━━━━━ Material for this task

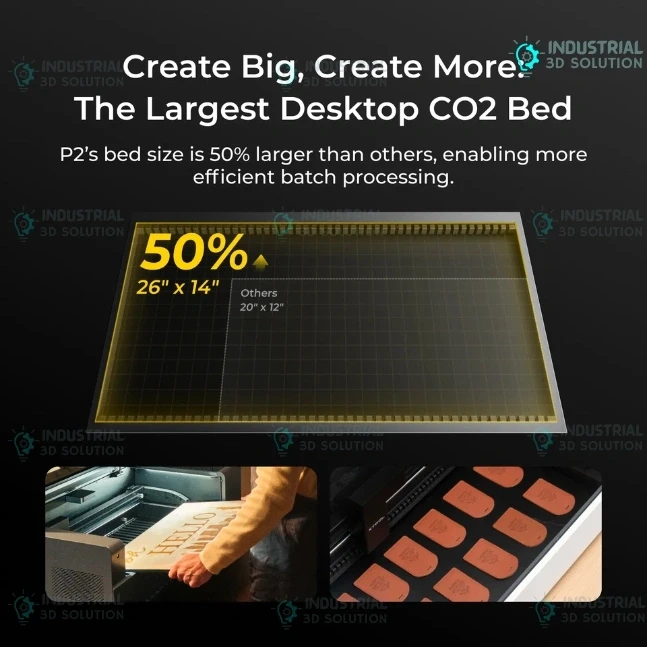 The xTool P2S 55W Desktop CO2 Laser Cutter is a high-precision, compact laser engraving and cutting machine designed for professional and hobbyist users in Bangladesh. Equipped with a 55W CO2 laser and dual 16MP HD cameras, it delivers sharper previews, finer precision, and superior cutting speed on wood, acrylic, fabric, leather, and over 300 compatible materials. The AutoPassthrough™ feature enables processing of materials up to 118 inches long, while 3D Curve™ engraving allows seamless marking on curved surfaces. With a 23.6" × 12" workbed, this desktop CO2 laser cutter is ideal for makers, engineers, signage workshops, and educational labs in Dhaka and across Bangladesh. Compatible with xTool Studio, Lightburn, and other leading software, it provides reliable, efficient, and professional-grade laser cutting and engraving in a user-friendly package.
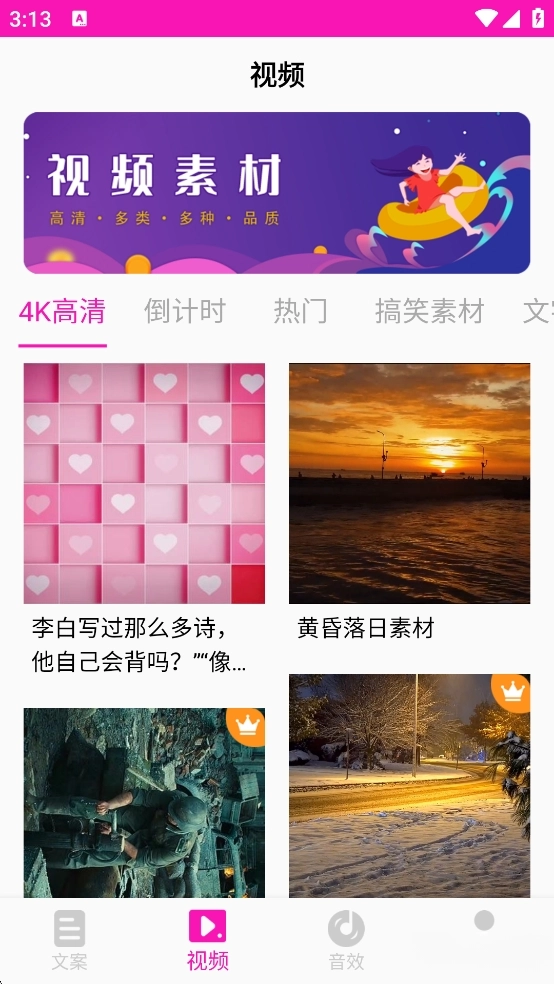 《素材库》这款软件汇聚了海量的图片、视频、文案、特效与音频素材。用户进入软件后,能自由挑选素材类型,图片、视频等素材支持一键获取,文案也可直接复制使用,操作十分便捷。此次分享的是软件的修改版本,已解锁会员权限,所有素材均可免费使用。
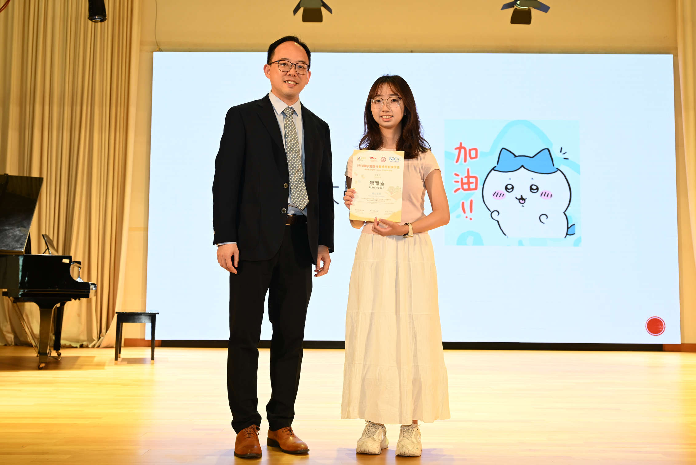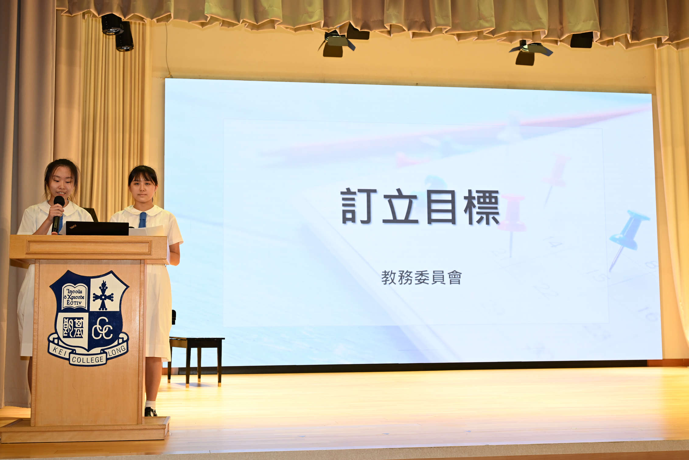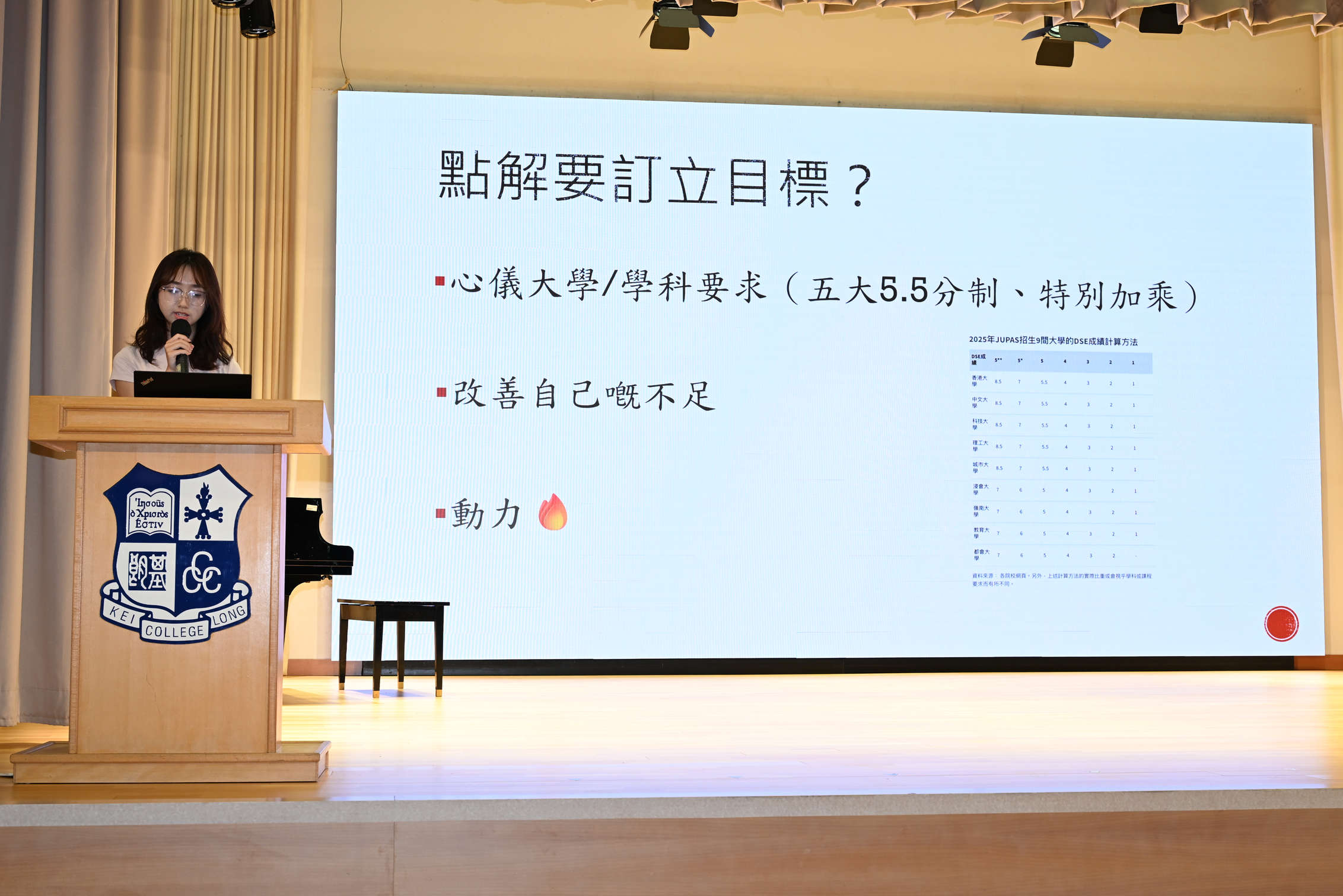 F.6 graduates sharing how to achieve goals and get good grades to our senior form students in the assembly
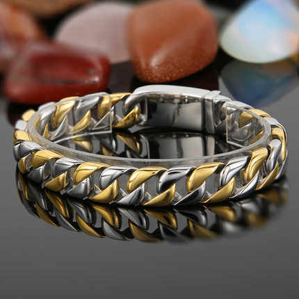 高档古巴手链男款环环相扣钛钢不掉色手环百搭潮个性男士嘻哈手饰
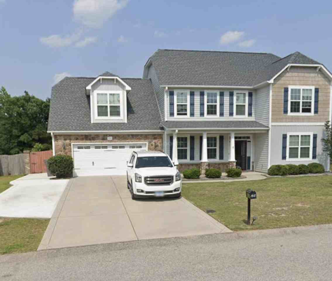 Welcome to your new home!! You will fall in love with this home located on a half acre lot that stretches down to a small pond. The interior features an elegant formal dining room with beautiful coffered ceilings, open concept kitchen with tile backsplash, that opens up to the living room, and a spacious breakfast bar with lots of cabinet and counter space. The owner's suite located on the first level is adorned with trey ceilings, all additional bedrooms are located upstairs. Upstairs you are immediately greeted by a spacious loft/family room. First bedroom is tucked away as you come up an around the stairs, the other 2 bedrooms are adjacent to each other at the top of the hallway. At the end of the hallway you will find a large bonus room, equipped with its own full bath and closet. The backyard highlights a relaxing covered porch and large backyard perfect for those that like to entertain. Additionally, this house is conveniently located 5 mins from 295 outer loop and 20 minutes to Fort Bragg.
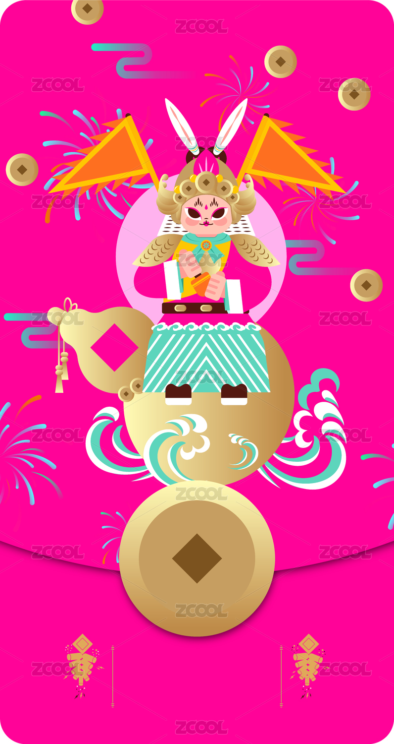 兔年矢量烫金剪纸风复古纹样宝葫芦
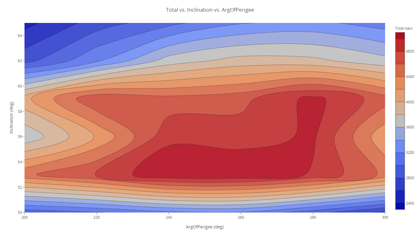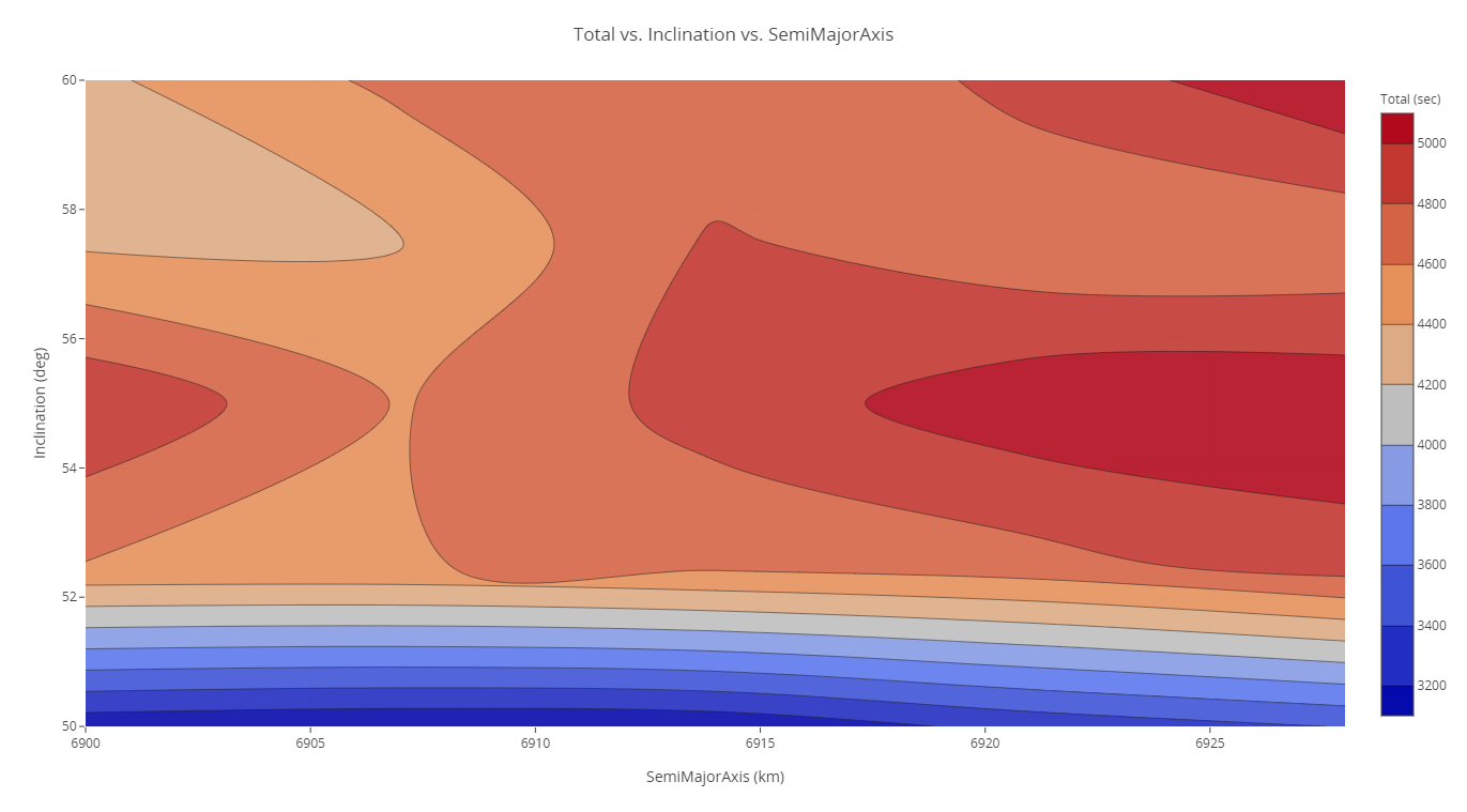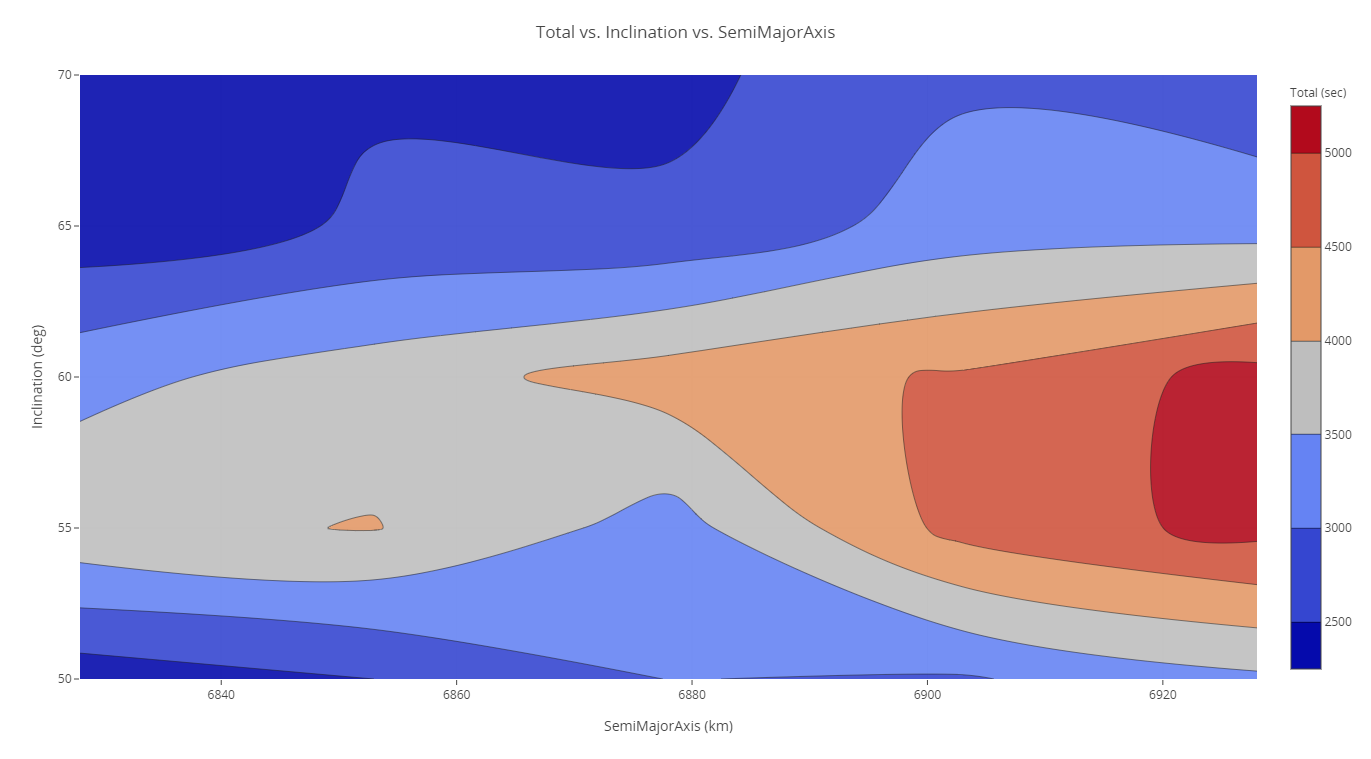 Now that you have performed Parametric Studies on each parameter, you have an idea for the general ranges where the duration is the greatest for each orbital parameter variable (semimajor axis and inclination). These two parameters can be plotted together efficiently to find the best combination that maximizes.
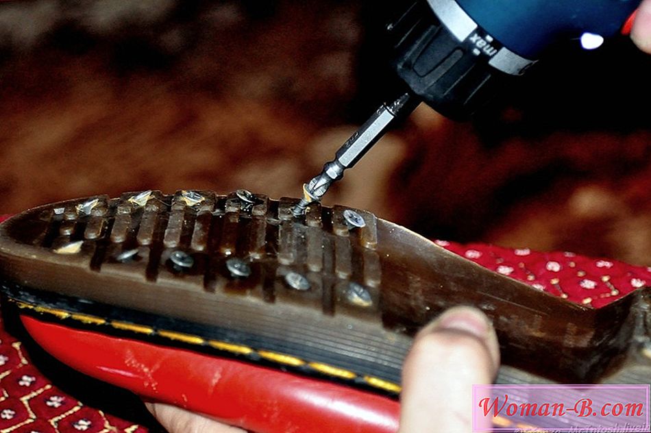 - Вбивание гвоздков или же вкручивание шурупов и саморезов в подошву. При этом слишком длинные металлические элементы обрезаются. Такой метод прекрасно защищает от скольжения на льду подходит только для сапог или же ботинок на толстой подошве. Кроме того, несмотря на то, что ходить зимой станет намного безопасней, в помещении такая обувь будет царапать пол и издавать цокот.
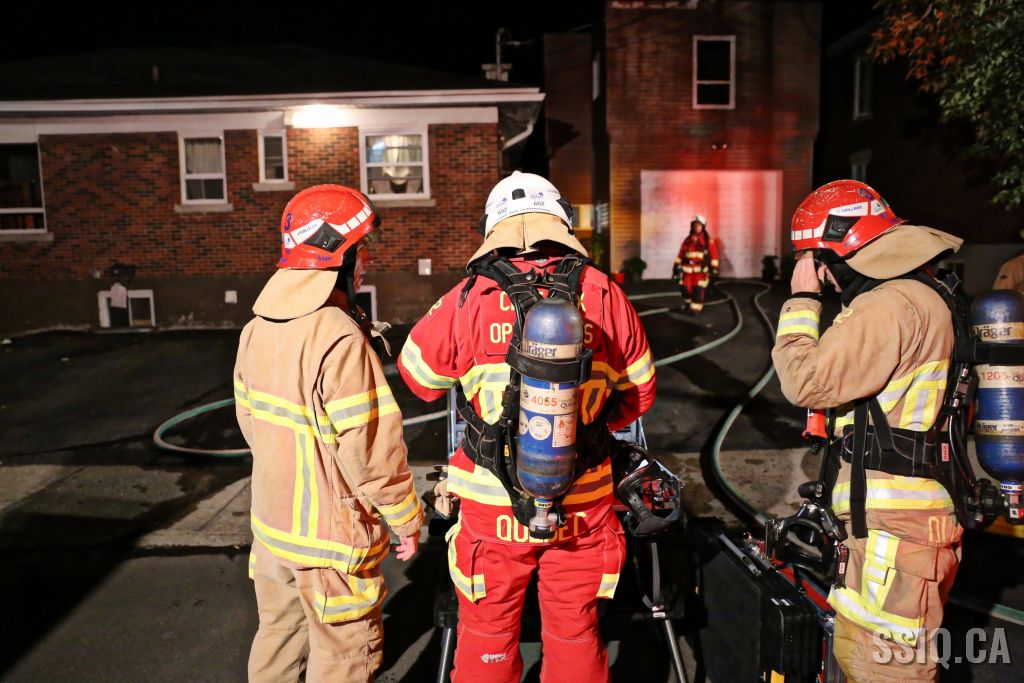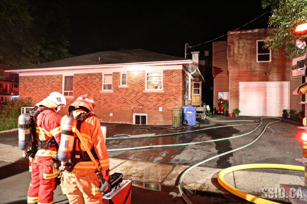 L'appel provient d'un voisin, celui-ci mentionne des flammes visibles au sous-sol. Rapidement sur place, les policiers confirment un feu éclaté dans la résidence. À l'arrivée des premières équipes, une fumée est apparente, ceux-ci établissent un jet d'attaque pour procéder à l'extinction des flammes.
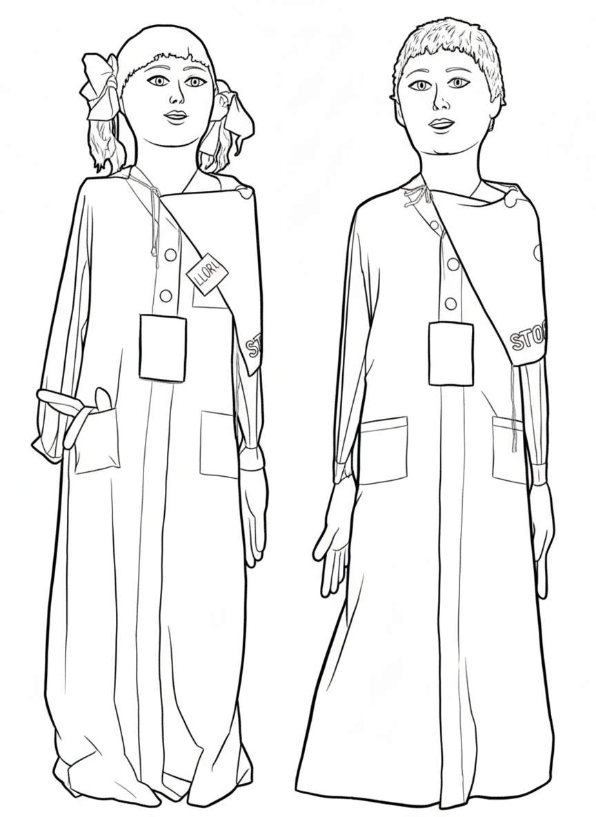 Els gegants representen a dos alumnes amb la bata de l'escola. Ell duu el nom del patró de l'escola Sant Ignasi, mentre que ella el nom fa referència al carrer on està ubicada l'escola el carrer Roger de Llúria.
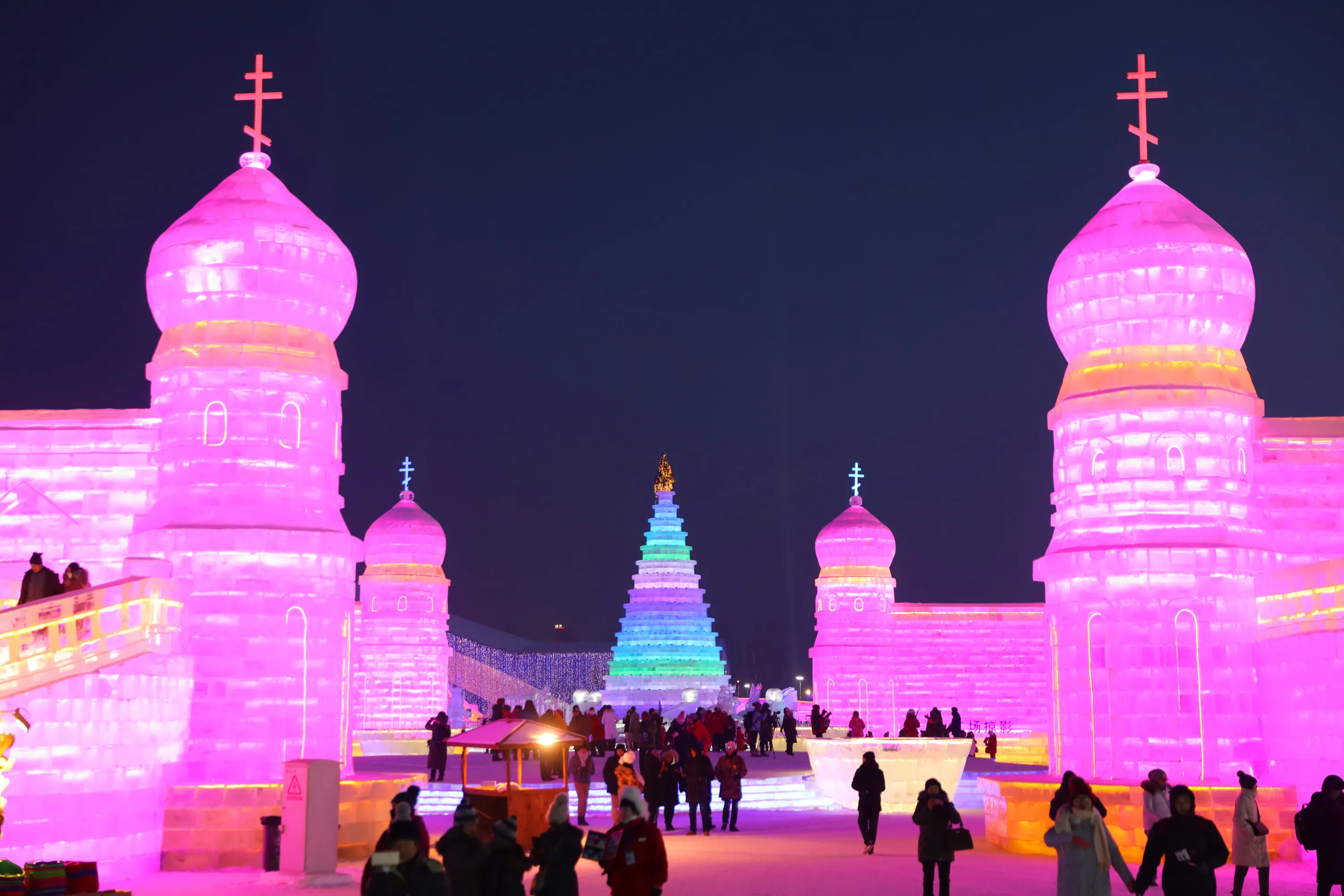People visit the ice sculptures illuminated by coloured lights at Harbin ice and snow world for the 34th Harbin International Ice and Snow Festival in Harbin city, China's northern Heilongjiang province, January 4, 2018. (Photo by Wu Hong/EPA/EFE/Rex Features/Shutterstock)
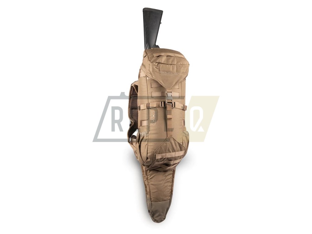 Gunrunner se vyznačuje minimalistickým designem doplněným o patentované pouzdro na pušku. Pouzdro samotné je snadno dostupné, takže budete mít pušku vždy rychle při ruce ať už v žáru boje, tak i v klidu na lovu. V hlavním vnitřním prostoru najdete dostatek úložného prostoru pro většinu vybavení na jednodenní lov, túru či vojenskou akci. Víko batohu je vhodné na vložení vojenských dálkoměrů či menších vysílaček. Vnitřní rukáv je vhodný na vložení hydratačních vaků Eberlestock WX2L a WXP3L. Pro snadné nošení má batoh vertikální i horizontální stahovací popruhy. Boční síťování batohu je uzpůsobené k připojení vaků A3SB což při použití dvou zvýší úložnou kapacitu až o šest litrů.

━━━━━━━━━━

Return exactly the lines above, from the one with "兔年矢量烫金剪纸风复古纹样宝葫芦" up to and including the one with "People visit the", and include no pictures.

 兔年矢量烫金剪纸风复古纹样宝葫芦
 Now that you have performed Parametric Studies on each parameter, you have an idea for the general ranges where the duration is the greatest for each orbital parameter variable (semimajor axis and inclination). These two parameters can be plotted together efficiently to find the best combination that maximizes.
 - Вбивание гвоздков или же вкручивание шурупов и саморезов в подошву. При этом слишком длинные металлические элементы обрезаются. Такой метод прекрасно защищает от скольжения на льду подходит только для сапог или же ботинок на толстой подошве. Кроме того, несмотря на то, что ходить зимой станет намного безопасней, в помещении такая обувь будет царапать пол и издавать цокот.
 L'appel provient d'un voisin, celui-ci mentionne des flammes visibles au sous-sol. Rapidement sur place, les policiers confirment un feu éclaté dans la résidence. À l'arrivée des premières équipes, une fumée est apparente, ceux-ci établissent un jet d'attaque pour procéder à l'extinction des flammes.
 Els gegants representen a dos alumnes amb la bata de l'escola. Ell duu el nom del patró de l'escola Sant Ignasi, mentre que ella el nom fa referència al carrer on està ubicada l'escola el carrer Roger de Llúria.
People visit the ice sculptures illuminated by coloured lights at Harbin ice and snow world for the 34th Harbin International Ice and Snow Festival in Harbin city, China's northern Heilongjiang province, January 4, 2018. (Photo by Wu Hong/EPA/EFE/Rex Features/Shutterstock)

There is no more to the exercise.